The other reason why the model transferability was most successful for Hurricane Irene was that the event mainly driven by significant rainfall, similar to Hurricane Ida (the event that the model was trained for). In contrast, the model performed worse for hurricanes Sandy and Isaias because these events were mainly driven by storm surges. The original model, which assigned lower importance to storm surges, was not effective in predicting the water depths in Sandy and Isaias. In fact, here we see another significant advantage of strategically using physically meaningful features rather than the more commonly used black-box approach. By considering the physical phenomena in our model development, we can better understand the model's strengths and weaknesses and more effectively evaluate its performance.

Despite these distinct characteristics of the storm events, the ML model demonstrated satisfactory performance when applied to hurricanes Sandy and Isaias, suggesting some level of transferability, mainly because we incorporated a wide array of pertinent flood-influencing features and the spatial dimension (contributing watershed). While the model performs well, the inconsistency of the success level of transferability across flood events presents opportunities to incorporate additional features or training approaches, enhancing the model robustness to different storm tracks relative to the watershed and weighing the model features based on the main flood driver (e.g., rainfall or storm surges).

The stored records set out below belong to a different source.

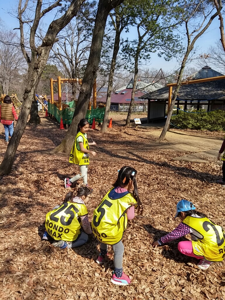 今度は落ち葉で遊ぶ女子たち…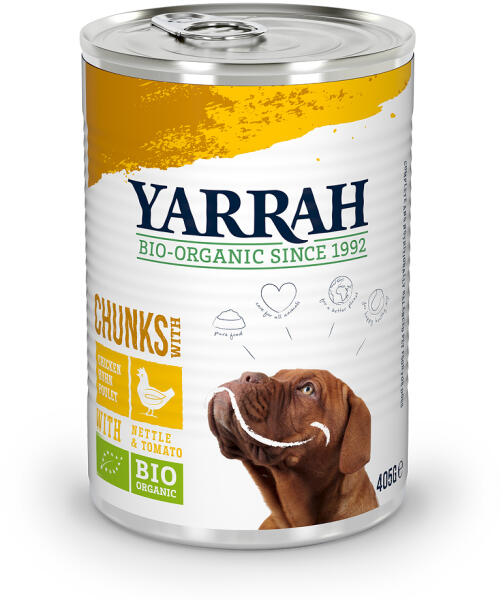 Yarrah 12x405g Yarrah Bio Falatkák bio csirke, bio csalán & bio paradicsom nedves kutyatáp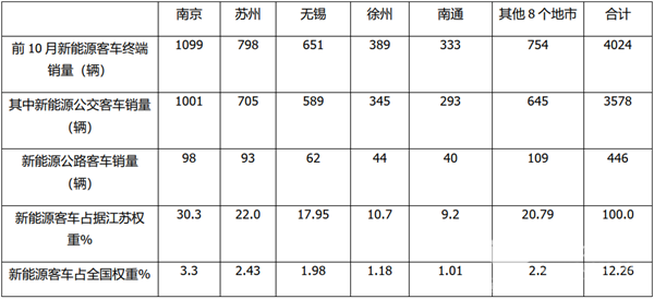 从新能源客车细分市场终端销量看,江苏省前10月共计销售446辆新能源公路客车,新能源公交销3578辆。此分析为车企下一步进军江苏区域的新能源客车市场制定策略提供了一定量化依据。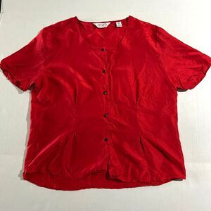 VTG Express, Women's SILK Cranberry Red Pleated Scoop Neck Button Down, sz L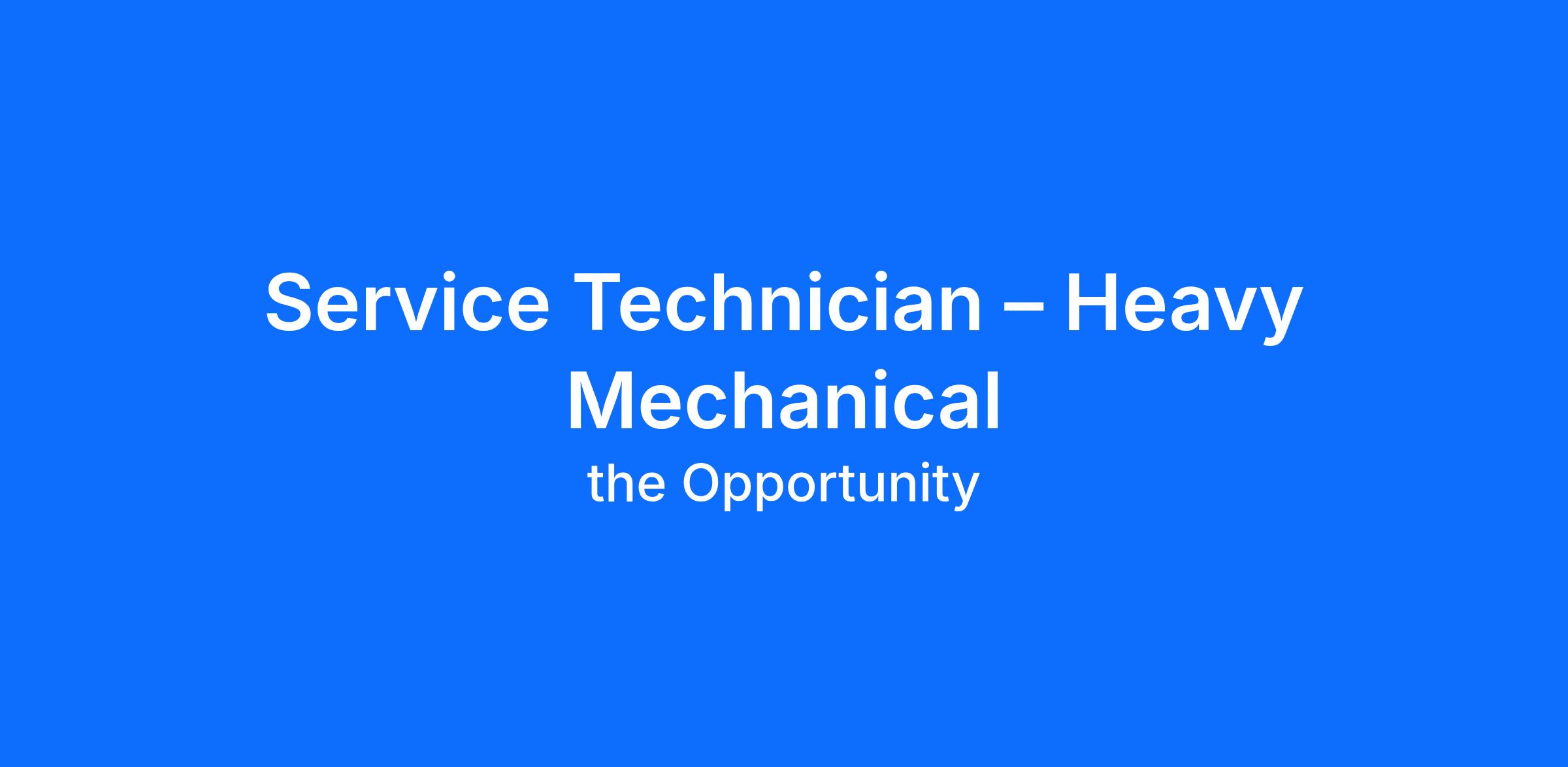 We’re seeking experienced Service Technicians – Heavy Mechanical to join our professional Service Team at our new site.

This study underscores the complexity of efficiently predicting water depths for major hurricanes and emphasizes the necessity of refining models for better performance during such extreme events. It has highlighted the importance of deeper analyses of features causing prediction discrepancies and has suggested that addressing different flood types (fluvial vs. storm surge) separately can enhance the model performance. This approach, alongside adjustments for specific flood characteristics like storm tracks and similar influential factors that are distinct for each event, can improve the performance of hindcast models, aiding in the development of more transferable ML-based models.

4.4 Limitations and future research

While this study showed promising results about ML-based flood modeling, it is important to acknowledge its limitations to identify areas for future research. One limitation is the presence of inherent uncertainties in the model that can impact the accuracy of the estimations. These uncertainties can stem from various sources, including the quality and accuracy of the observed data (Bales and Wagner, 2009; Gallegos et al., 2012; Merwade et al., 2008; Teng et al., 2017) and input data (features). For instance, relying solely on spatially aggregated values of features (mean and maximum used in this study) may not adequately capture the spatial heterogeneity of pertinent variables across the upper watershed. Future research should prioritize addressing these uncertainties by exploring alternative data sources and methodologies. The ANN-MLP model was tuned using observed flood data, and an optimal hyperparameter set was used based on the hyperparameter optimization methods. This deterministic approach does not incorporate the uncertainty from model parameterization. Probabilistic models are needed to address this uncertainty. Parameterization uncertainty acknowledges that the exact values of model parameters (e.g., weights in an ANN-MLP) determined through training may not perfectly capture the true underlying processes, leading to variability in our predictions. Probabilistic models address this uncertainty by incorporating it directly into the modeling process, offering a range of possible outcomes with associated probabilities (posterior probability distributions) rather than a single deterministic output. This is achieved through techniques like Bayesian inference, where prior knowledge about parameters is updated with observed data to produce a posterior distribution of parameters. This approach provides a more nuanced understanding of uncertainty, allowing predictions to reflect both the variability observed in the data and the confidence in the model's parameter estimates. To address the limitations of deterministic models, like the ANN-MLP used in this study, future research should explore integrating probabilistic modeling techniques such as Bayesian inference. Exploring alternative data sources and methodologies, such as incorporating spatially detailed features or dynamic time series data, could also help in capturing the complexities of watershed characteristics more accurately.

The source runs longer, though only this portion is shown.